• PROVIDED DATA:

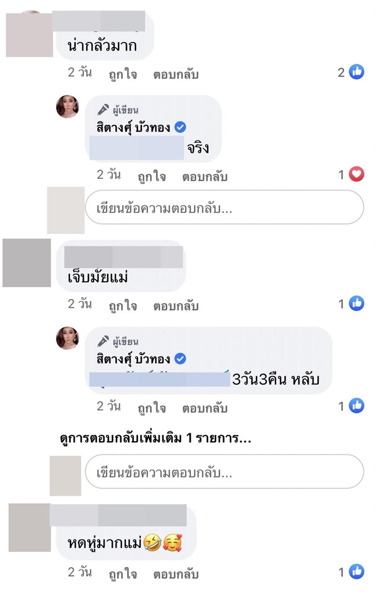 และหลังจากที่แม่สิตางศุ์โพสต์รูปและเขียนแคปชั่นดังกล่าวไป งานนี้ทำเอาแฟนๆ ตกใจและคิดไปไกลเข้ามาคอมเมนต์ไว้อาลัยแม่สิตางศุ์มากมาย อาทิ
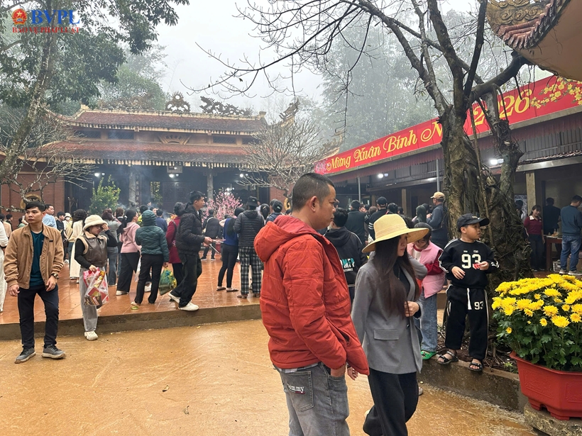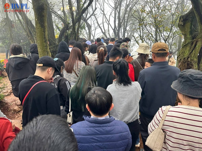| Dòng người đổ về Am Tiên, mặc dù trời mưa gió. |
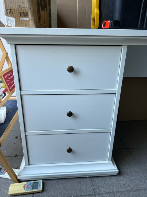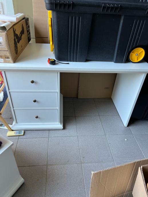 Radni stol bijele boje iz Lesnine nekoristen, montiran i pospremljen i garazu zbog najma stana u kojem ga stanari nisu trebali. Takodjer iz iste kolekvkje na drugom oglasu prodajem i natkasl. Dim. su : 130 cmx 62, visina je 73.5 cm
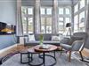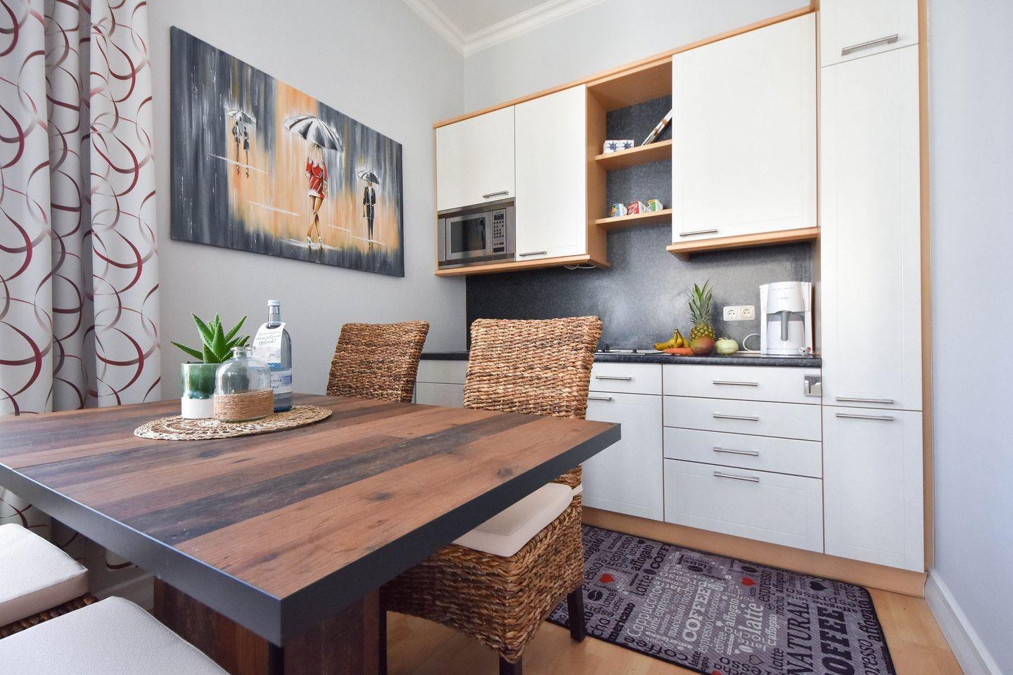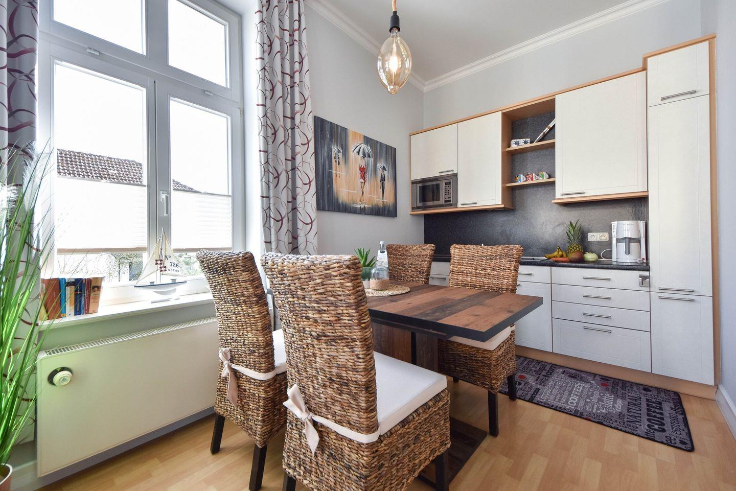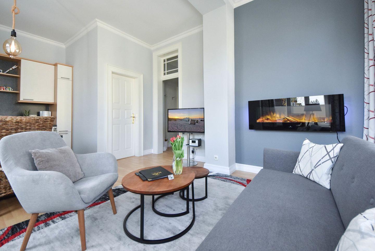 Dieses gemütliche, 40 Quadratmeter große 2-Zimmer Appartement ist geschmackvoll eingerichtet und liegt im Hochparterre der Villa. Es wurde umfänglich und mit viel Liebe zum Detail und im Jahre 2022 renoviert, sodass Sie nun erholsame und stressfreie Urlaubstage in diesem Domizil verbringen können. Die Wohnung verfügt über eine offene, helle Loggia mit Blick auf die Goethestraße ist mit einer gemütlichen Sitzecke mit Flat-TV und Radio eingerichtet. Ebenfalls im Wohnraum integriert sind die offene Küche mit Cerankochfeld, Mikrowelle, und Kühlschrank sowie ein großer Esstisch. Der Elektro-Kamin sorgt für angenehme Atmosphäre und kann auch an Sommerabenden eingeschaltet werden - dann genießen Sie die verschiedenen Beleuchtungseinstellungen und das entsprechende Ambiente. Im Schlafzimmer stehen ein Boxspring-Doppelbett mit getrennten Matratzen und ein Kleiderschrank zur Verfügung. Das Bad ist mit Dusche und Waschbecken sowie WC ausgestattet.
--
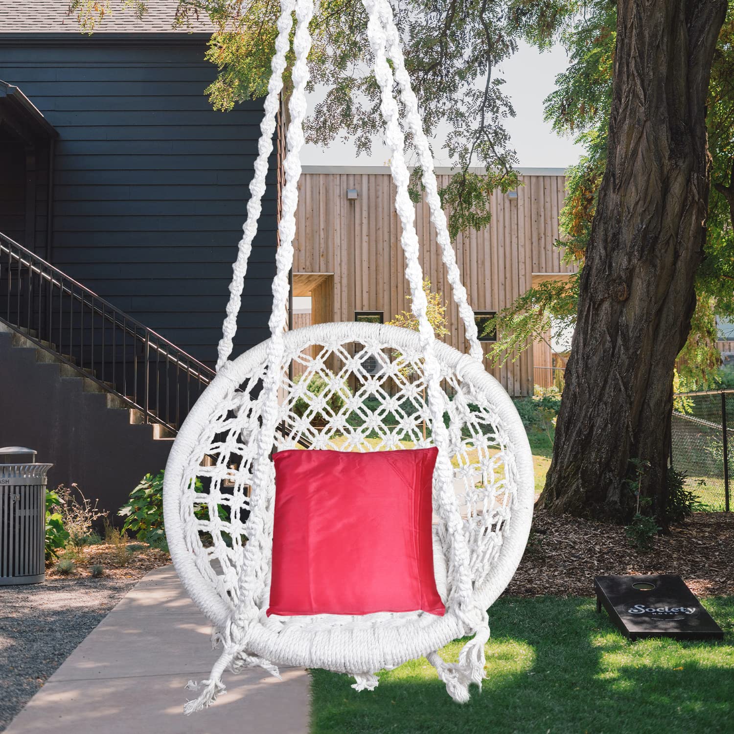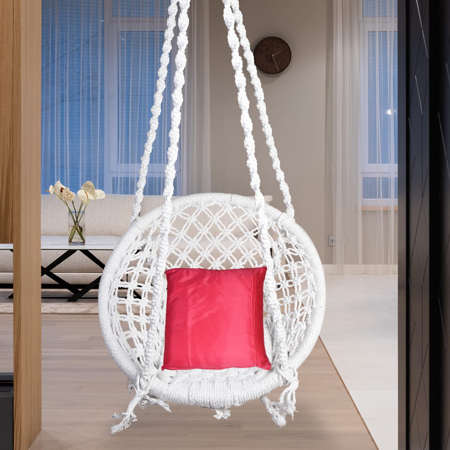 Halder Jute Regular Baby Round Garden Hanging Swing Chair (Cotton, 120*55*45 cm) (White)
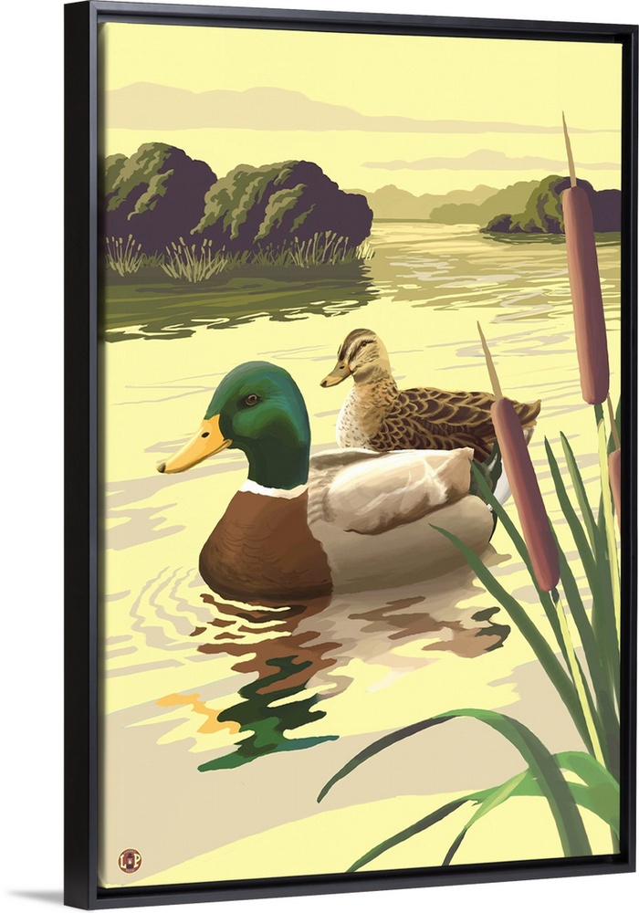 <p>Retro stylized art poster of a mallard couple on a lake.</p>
* * *
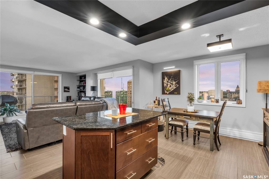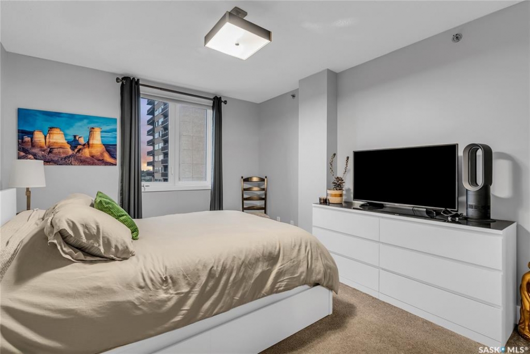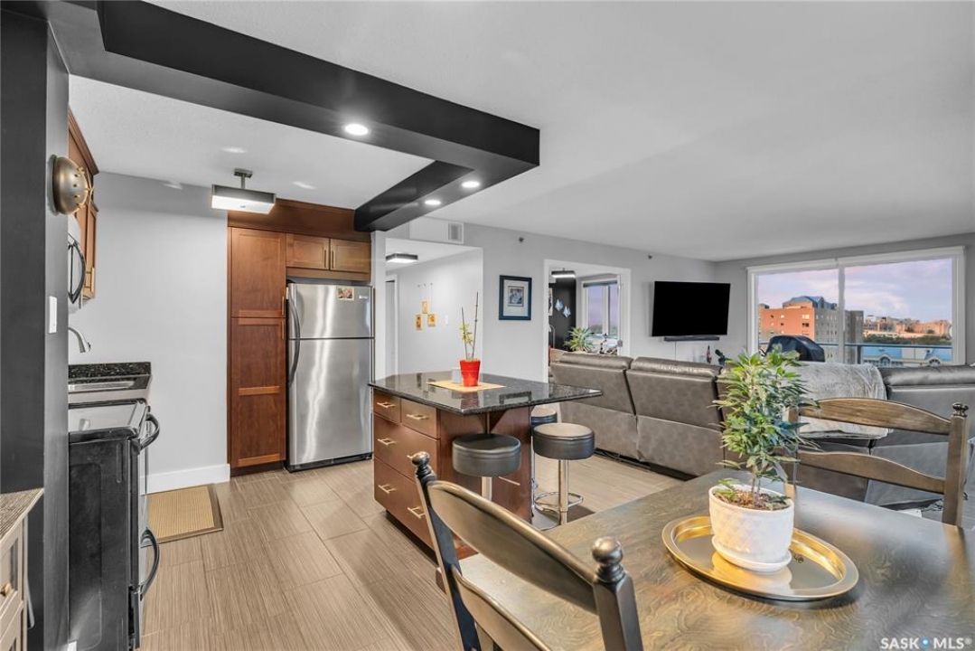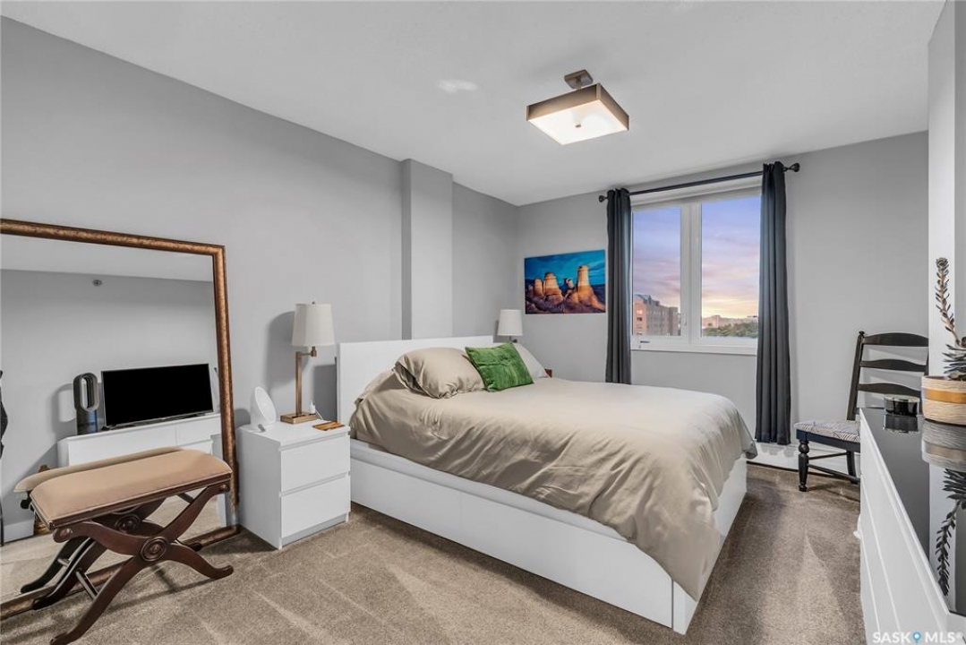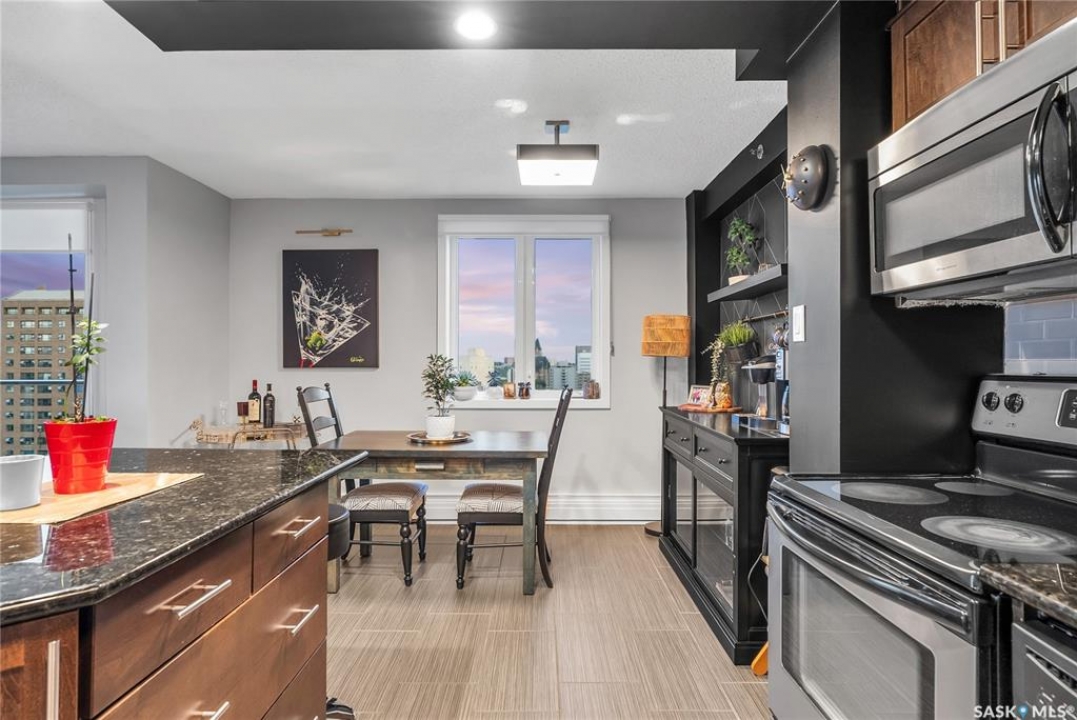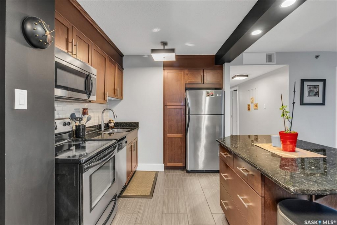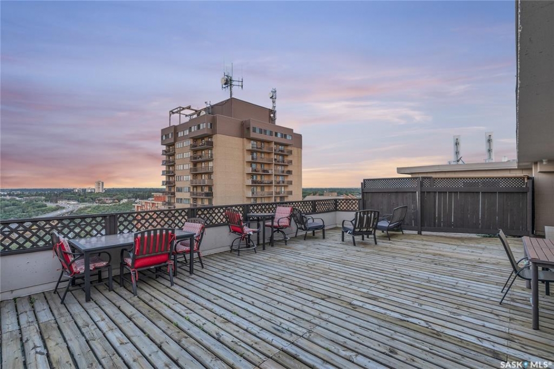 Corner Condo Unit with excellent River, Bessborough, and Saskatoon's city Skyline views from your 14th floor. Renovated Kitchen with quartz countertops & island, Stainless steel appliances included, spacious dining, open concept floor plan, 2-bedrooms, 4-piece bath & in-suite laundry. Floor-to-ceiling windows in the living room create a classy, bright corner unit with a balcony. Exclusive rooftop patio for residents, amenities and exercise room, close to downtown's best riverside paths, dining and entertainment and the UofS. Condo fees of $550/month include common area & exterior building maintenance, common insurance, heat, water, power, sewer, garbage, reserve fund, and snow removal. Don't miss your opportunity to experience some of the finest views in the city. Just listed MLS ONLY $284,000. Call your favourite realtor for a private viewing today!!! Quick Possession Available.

• TASK OBJECTIVE: Since the pictures are not part of the copy, please transcribe only the lines above from the one with "Halder Jute Regular" through the one with "<p>Retro stylized art", exactly and with both ends.

• WRITTEN SOLUTION:
 Halder Jute Regular Baby Round Garden Hanging Swing Chair (Cotton, 120*55*45 cm) (White)
 <p>Retro stylized art poster of a mallard couple on a lake.</p>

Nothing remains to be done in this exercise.